◆ Task material ◆
----------------

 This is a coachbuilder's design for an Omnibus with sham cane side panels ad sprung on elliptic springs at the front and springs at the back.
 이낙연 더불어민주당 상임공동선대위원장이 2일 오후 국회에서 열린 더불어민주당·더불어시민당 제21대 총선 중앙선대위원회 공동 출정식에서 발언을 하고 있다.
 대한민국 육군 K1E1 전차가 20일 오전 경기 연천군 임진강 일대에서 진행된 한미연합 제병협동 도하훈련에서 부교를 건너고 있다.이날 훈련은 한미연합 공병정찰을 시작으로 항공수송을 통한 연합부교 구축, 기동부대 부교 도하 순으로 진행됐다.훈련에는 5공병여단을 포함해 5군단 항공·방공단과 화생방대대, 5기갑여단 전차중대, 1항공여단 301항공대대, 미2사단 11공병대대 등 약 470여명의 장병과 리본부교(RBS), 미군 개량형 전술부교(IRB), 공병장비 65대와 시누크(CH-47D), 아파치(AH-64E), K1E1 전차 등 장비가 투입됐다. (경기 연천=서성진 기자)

----------------

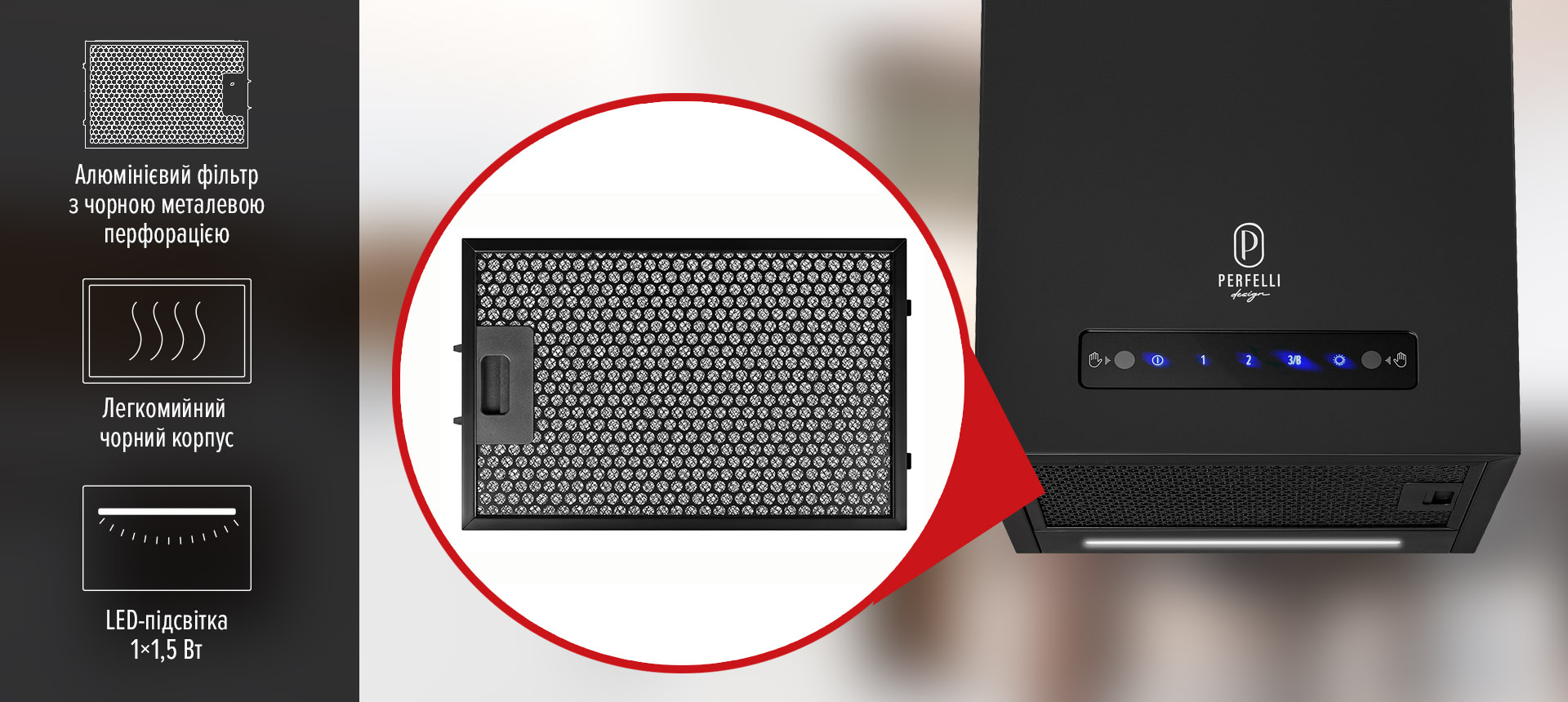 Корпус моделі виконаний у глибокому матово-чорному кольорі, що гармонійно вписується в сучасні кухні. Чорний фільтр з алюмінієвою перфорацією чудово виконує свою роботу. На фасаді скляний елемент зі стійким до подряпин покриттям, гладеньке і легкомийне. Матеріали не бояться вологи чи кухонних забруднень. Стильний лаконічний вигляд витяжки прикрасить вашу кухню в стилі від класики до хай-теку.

----------------

◆ Your objective ◆
Quote the listing above, but only from the line that shows "This is a coachbuilder's" through the line that shows "이낙연 더불어민주당 상임공동선대위원장이".

◆ Answer box ◆
 This is a coachbuilder's design for an Omnibus with sham cane side panels ad sprung on elliptic springs at the front and springs at the back.
 이낙연 더불어민주당 상임공동선대위원장이 2일 오후 국회에서 열린 더불어민주당·더불어시민당 제21대 총선 중앙선대위원회 공동 출정식에서 발언을 하고 있다.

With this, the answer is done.